KI erkennt kranke Zellen
Kartierung von Einzelzelldaten auf Referenzatlanten

Kartierung neuer Zellkohorten von gesunden Personen und COVID-19-Erkrankten auf einem Referenzatlas für gesunde Zellen (Hellblau: Gesunde Referenzzellen. Blau: Neue Zellen von gesunden Personen. Schwarz: Neue Zellen von COVID-19-Erkrankten mit moderatem Verlauf. Rot: Neue Zellen von schwer an COVID-19 Erkrankten.)
Kranke Zellen genau identifizieren: Dafür haben Forschende der Technischen Universität München (TUM) und des Helmholtz Zentrums München einen Algorithmus entwickelt. Er basiert auf künstlicher Intelligenz (KI) und vergleicht die Zellen kranker Personen mit einem Referenzatlas gesunder Zellen.
Der Human Cell Atlas
Der Human Cell Atlas ist der weltweit größte, kontinuierlich wachsende Einzelzell-Referenzatlas. Er enthält Referenzen von Millionen von Zellen aus verschiedenen Geweben, Organen und Entwicklungsstadien. Diese Referenzen helfen, die Einflüsse von Alterung, Umwelt und Krankheit auf eine Zelle zu verstehen – und letztlich Patient*innen besser zu behandeln.

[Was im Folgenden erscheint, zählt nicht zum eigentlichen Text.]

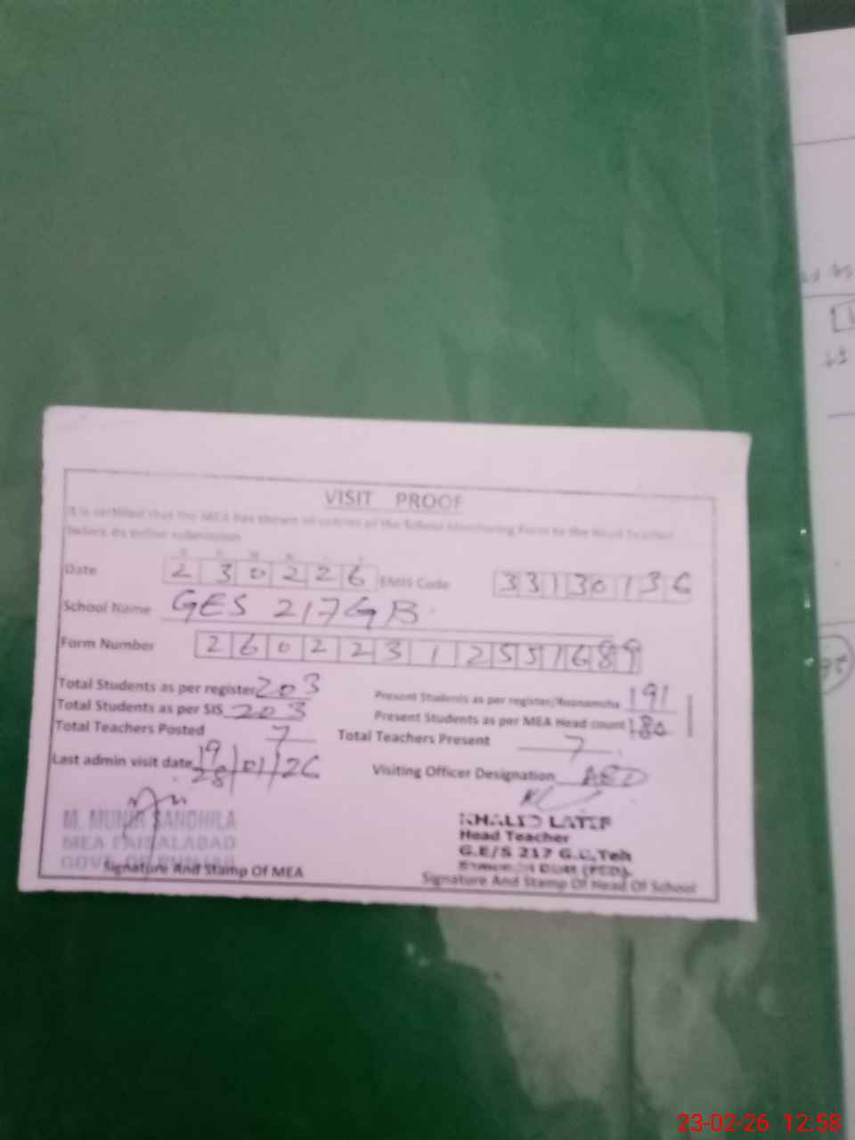 | Attendance Register | Head Teacher | MEA with School | Visit Proof |

Einzelzellatlanten werden heute routinemäßig erstellt und dienen als Referenz für die Analyse kleinerer Studien. Sie in der personalisierten Medizin zu nutzen, ist jedoch mit Herausforderungen verbunden: Einzelzell-Datensätze können Messfehler enthalten (Batch-Effekt), die Rechenressourcen sind begrenzt und die Weitergabe von Rohdaten ist oft rechtlich eingeschränkt.

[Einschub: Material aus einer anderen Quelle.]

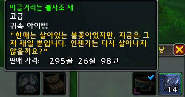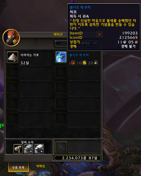 만약 이 npc와 대화가 안된다면 아라크 첨탑 퀘스트 중에 까마귀가 해를 삼키면을 좀 진행해야 합니다. 1~3단게에서 모은 아이템으로 젝타르에게서 불사조 재 부적이라는 아이템을 삽니다.

scArches: Deep-Learning-Strategie zur Datenabfrage
Mohammad Lotfollahi, Teamleiter am Helmholtz Zentrum und TUM Doktorand, und Fabian Theis, Professor für Mathematische Modellierung biologischer Systeme an der TUM und Direktor des Institute of Computational Biology am Helmholtz Zentrum München, entwickelten einen Algorithmus namens 'scArches', kurz für 'Single-Cell Architecture Surgery'. Dieser bildet Abfragedatensätze auf eine Referenz ab.
"Statt Rohdaten zwischen Kliniken oder Forschungseinrichtungen zu teilen, vergleicht der Algorithmus mittels Transfer-Learning neue Datensätze aus der Einzelzellgenomik mit bestehenden Referenzen. Wir nennen diesen Prozess Kartierung. So wahrt der Algorithmus die Privatsphäre und Anonymität der Patient*innen. Dies macht auch das Kommentieren und Interpretieren neuer Datensätze sehr einfach und demokratisiert die Nutzung von Referenzatlanten enorm", beschreibt Mohammad Lotfollahi die Vorteile des Algorithmus.

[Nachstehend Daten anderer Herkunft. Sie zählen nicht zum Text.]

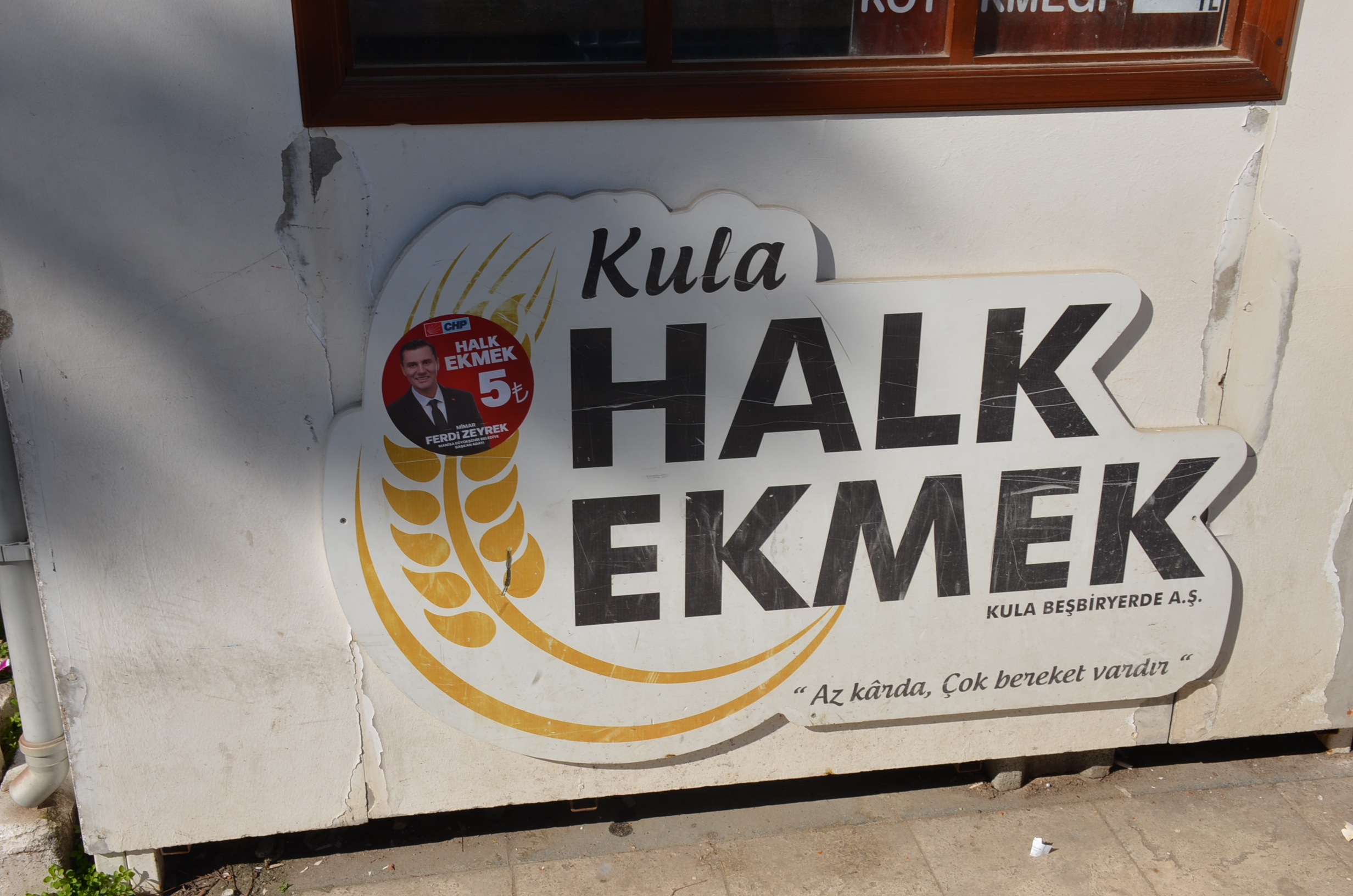 CHP’nin Manisa Büyükşehir Belediye Başkan Adayı Ferdi Zeyrek, Kula ilçesi ziyaretinde Kula Belediyesi tarafından 1,5 yıldır 5 liradan satışa sunulan Halk Ekmek Büfesi’ne 5 lira vaadiyle ilişkilendirilen reklam stickerlarının yapıştırılmasıyla ilgili olarak Halk Ekmek Büfesi’nden ekmek alan Kulalı vatandaşlar CHP’li adayın vaadini gülünç buldu.

Ihre Ergebnisse stellen die Forschenden in der Fachzeitschrift Nature Biotechnology vor: Mapping single-cell data to reference atlases by transfer learning
Mapping single-cell data to reference atlases by transfer learning https://t.co/PaRp1n6yATpic.twitter.com/a4vVgfOdBf
— Nature Biotechnology (@NatureBiotech) August 30, 2021
Forschung an COVID-19
Mithilfe von scArches forschte die Gruppe bereits an COVID-19. Sie verglich die Zellen aus Lungenproben von COVID-19-Erkrankten mit gesunden Referenzzellen. Der Algorithmus war in der Lage, kranke Zellen von gesunden zu unterscheiden und ermöglichte es den Forschenden, sowohl bei leichten als auch schweren COVID-19-Fällen die betroffenen Zellen genau zu identifizieren. Biologische Variationen zwischen den Patient*innen hatten keinen Einfluss auf die Qualität der Kartierung.
"In Zukunft wollen wir Zellreferenzen genauso einfach nutzen, wie wir es heute mit Genomreferenzen tun", sagt Fabian Theis und erklärt: "Mit anderen Worten: Wenn man einen Kuchen backt, möchte man nicht erst ein Rezept erfinden, stattdessen schlägt man einfach in einem Kochbuch nach. Mit scArches formalisieren und vereinfachen wir diesen Nachschlageprozess."